A through hole 22a is provided at the upper end of the region 16a. The hole 22a is connected to the oxidation reaction part 6, and guides the sample water from the oxidation reaction part 6 to the surface of the photocatalyst layer 16a. A through hole 22b is also provided at the lower end of the region 16a. The hole 22b is connected to the drain, and discharges the sample water to the outside from this flat portion. The other quartz glass plate 14b also has a through hole 23a at the upper end of the region 16b. The hole 23a guides ion exchange water to the surface of the photocatalyst layer 16b, and the through hole 23b provided at the lower end of the region 16b detects the hole. The ion exchange water that is connected to the unit 10 and has absorbed CO ₂ from the sample water is guided to the detection unit 10.
In the CO ₂ extraction unit 8, CO ₂ is exchanged between liquids flowing in a film shape on the surfaces of the titanium oxide films 16 a and 16 b facing each other. The CO ₂ dissolved in the sample water flowing on the surface of the titanium oxide film 16a is absorbed by the ion exchange water flowing on the surface of the titanium oxide film 16b through the air layer.

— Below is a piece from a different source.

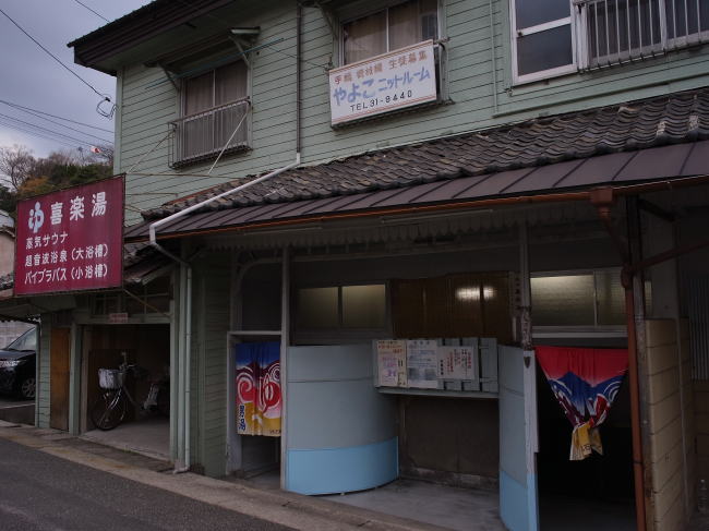 上がりは、海峡の寒風が吹き、予報にもない雨にも降られながら旧赤線跡の千歳湯(定休)、旧福富 湯(廃業)、さらに、えびす湯、霧島湯を見て回る。

The detector 10 measures the conductivity and temperature of the ion-exchanged water that has absorbed CO ₂ by the CO ₂ extractor 8. Since the conductivity of ion-exchanged water is increased by dissolving CO ₂ in ion-exchanged water, the amount of CO ₂ contained in the sample water can be measured by measuring the conductivity of ion-exchanged water, The organic substance concentration contained in the sample water can be estimated. Moreover, since electrical conductivity is dependent on temperature, it correct | amends by measuring the temperature of ion-exchange water with electrical conductivity.
The ion-exchanged water whose conductivity and temperature are measured by the detector 10 is guided to the ion-exchange resin column 12 by the pump 11 to remove and deionize CO ₂ , and the ion-exchange resin column from the pump 11 by the circulation channel. The purity is increased by being sent to 12. The circulating ion exchange water is sent to the surface of the titanium oxide film 16b through the electromagnetic valve 13. The solenoid valve 13 is controlled in its opening / closing and opening degree by a control device (not shown) so that the flow rate of the ion exchange water can be adjusted.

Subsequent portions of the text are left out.